WHAT NEEDS TO BE DONE
Transcribe every line below exactly; no image goes into the output.

INPUT DATA
________

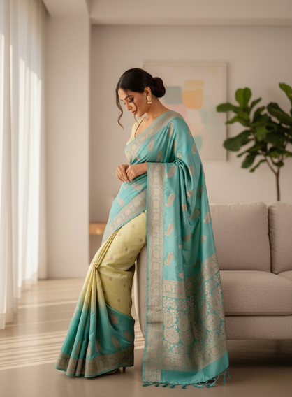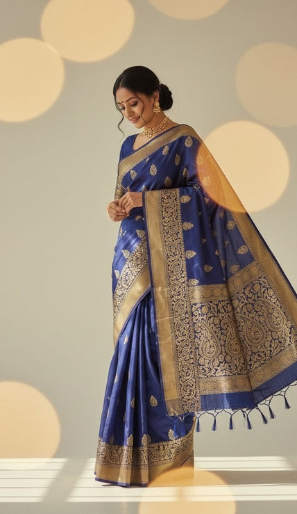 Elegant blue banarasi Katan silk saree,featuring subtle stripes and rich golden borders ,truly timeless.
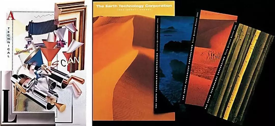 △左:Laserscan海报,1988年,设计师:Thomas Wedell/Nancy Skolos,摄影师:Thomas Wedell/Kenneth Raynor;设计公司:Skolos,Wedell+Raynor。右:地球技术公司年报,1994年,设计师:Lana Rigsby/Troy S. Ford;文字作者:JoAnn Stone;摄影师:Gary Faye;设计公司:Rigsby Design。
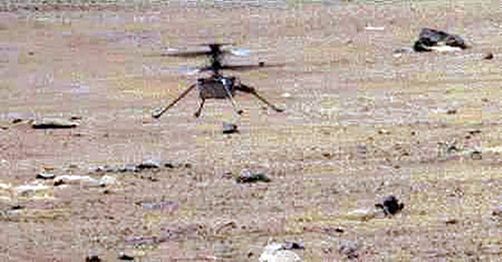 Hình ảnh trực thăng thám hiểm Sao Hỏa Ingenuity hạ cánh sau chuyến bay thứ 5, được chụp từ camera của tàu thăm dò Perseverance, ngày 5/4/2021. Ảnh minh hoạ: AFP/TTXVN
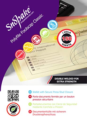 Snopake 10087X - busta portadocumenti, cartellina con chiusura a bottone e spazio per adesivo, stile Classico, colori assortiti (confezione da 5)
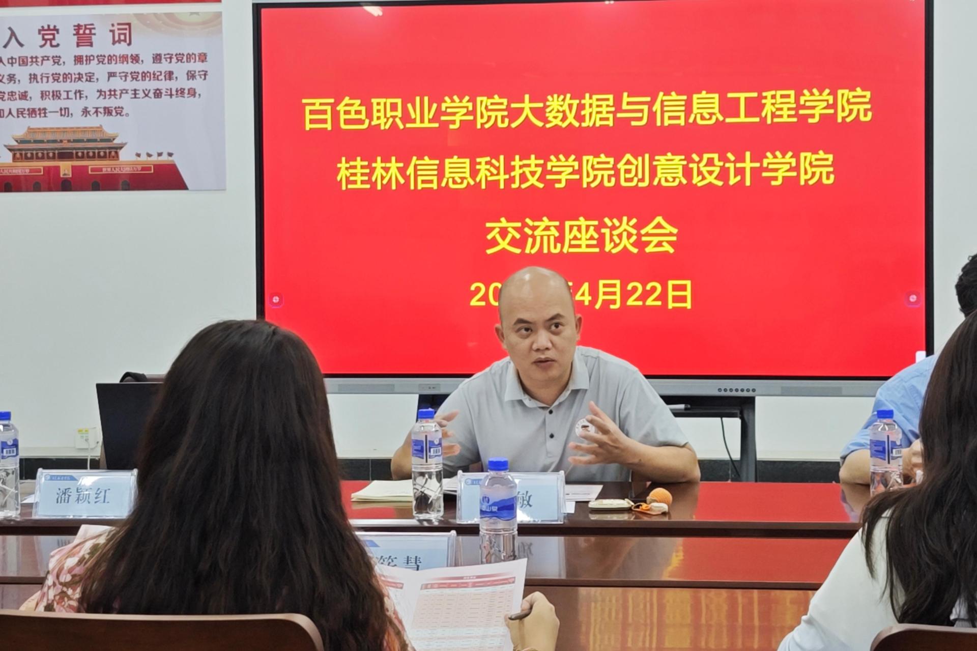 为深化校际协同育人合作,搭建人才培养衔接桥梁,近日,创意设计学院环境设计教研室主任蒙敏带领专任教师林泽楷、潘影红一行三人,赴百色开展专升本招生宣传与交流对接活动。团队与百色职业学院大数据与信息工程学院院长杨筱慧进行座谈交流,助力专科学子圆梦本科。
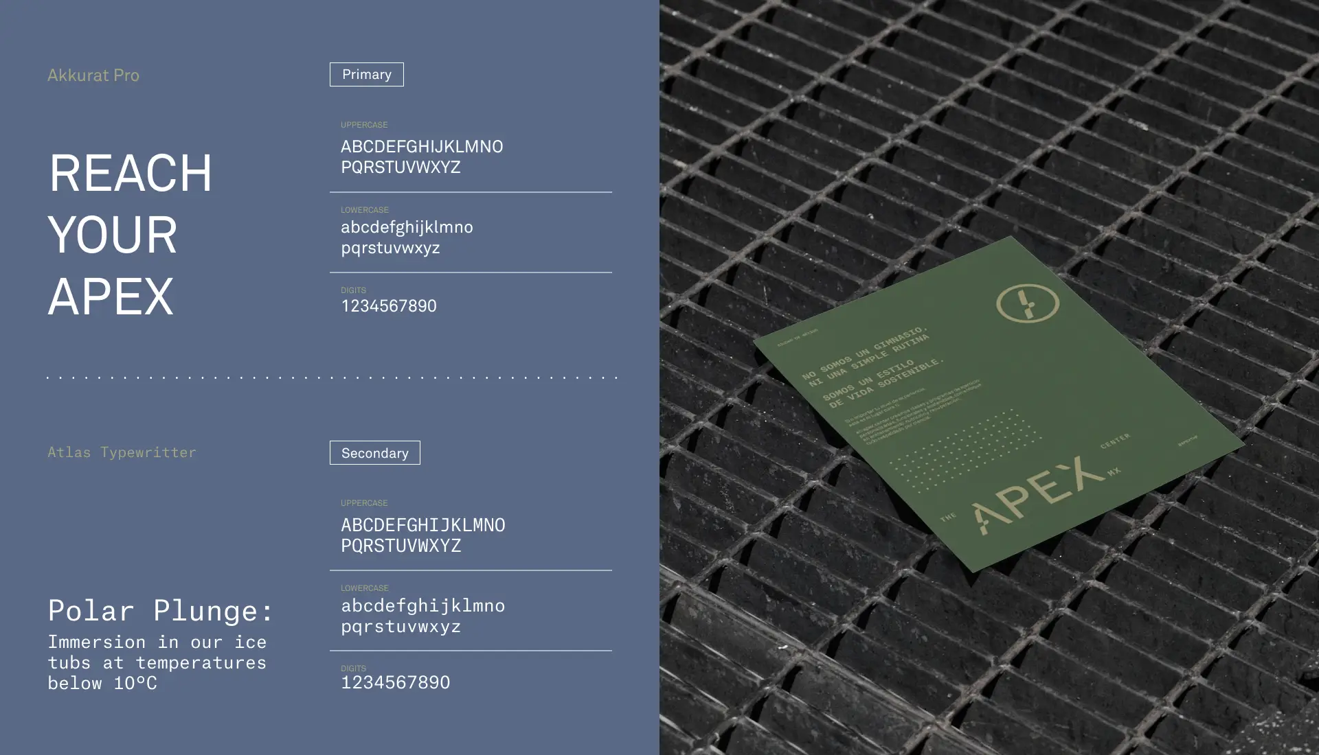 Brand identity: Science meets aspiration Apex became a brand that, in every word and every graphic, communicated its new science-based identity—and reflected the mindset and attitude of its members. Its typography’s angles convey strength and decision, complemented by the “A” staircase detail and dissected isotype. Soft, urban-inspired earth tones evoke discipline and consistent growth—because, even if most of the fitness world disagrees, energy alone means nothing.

________

TASK SOLUTION
 Elegant blue banarasi Katan silk saree,featuring subtle stripes and rich golden borders ,truly timeless.
 △左:Laserscan海报,1988年,设计师:Thomas Wedell/Nancy Skolos,摄影师:Thomas Wedell/Kenneth Raynor;设计公司:Skolos,Wedell+Raynor。右:地球技术公司年报,1994年,设计师:Lana Rigsby/Troy S. Ford;文字作者:JoAnn Stone;摄影师:Gary Faye;设计公司:Rigsby Design。
 Hình ảnh trực thăng thám hiểm Sao Hỏa Ingenuity hạ cánh sau chuyến bay thứ 5, được chụp từ camera của tàu thăm dò Perseverance, ngày 5/4/2021. Ảnh minh hoạ: AFP/TTXVN
 Snopake 10087X - busta portadocumenti, cartellina con chiusura a bottone e spazio per adesivo, stile Classico, colori assortiti (confezione da 5)
 为深化校际协同育人合作,搭建人才培养衔接桥梁,近日,创意设计学院环境设计教研室主任蒙敏带领专任教师林泽楷、潘影红一行三人,赴百色开展专升本招生宣传与交流对接活动。团队与百色职业学院大数据与信息工程学院院长杨筱慧进行座谈交流,助力专科学子圆梦本科。
 Brand identity: Science meets aspiration Apex became a brand that, in every word and every graphic, communicated its new science-based identity—and reflected the mindset and attitude of its members. Its typography’s angles convey strength and decision, complemented by the “A” staircase detail and dissected isotype. Soft, urban-inspired earth tones evoke discipline and consistent growth—because, even if most of the fitness world disagrees, energy alone means nothing.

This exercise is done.